On the surface, at least, Andrew Russell (“Drew”) Pearson and Robert Sharon (“Bob”) Allen were a team again. A few months ago the two Merry-Go-Roundmen were not speaking, but last week they joined to ask FCC to jerk a radio license from Hearst and give it to them. Neither would discuss their old feud or their new venture. Said redheaded, cavalry-cussing Colonel Allen: “Allen’s relations with Pearson are strictly Allen’s business . . . and he won’t talk.”
The Pearson & Allen petition put FCC on a hot seat it had warmed for others.
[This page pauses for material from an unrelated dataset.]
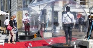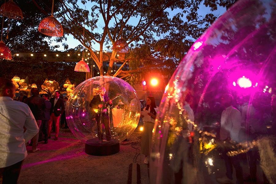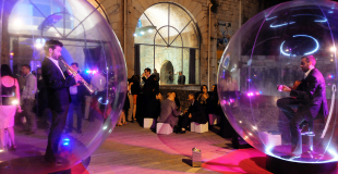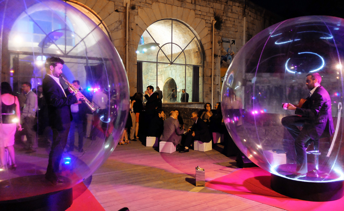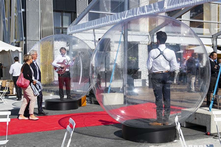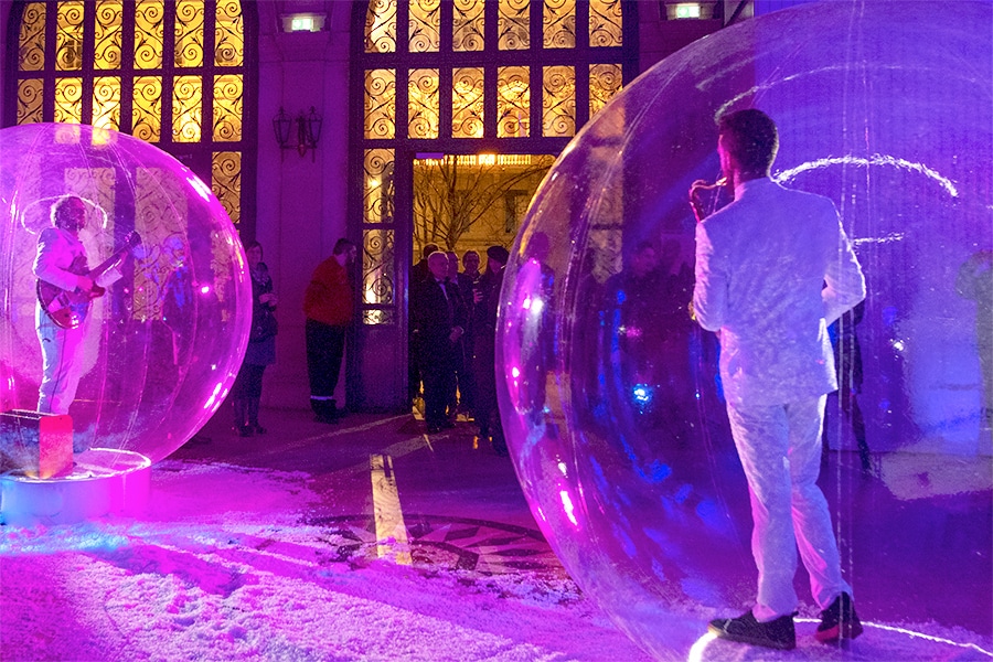 Deux bulles transparentes dans lesquelles se nichent des musiciens performers live pour apporter un raffinement unique à vos évènements.

Last spring, FCC’s now famous “Blue Book” (TIME, March 18) threatened to revoke broadcasting licenses of stations that preferred commercials to programs. As a glaring example, it cited Hearst’s Baltimore station, WBAL, which once broadcast 507 spot commercials in a single week. That is the station Drew and Bob want.
Pearson & Allen will fight Hearst in the open when they air their radio plans in an Oct. 1 hearing. Whatever the outcome, FCC will suffer. If Hearst wins, the Blue Book threat will lose its starch; if Hearst loses, FCC will be accused of knuckling under to Washington’s gossip boys. Said Pearson’s & Allen’s attorney: there is so much interest already in the hearing that “they’re selling tickets.”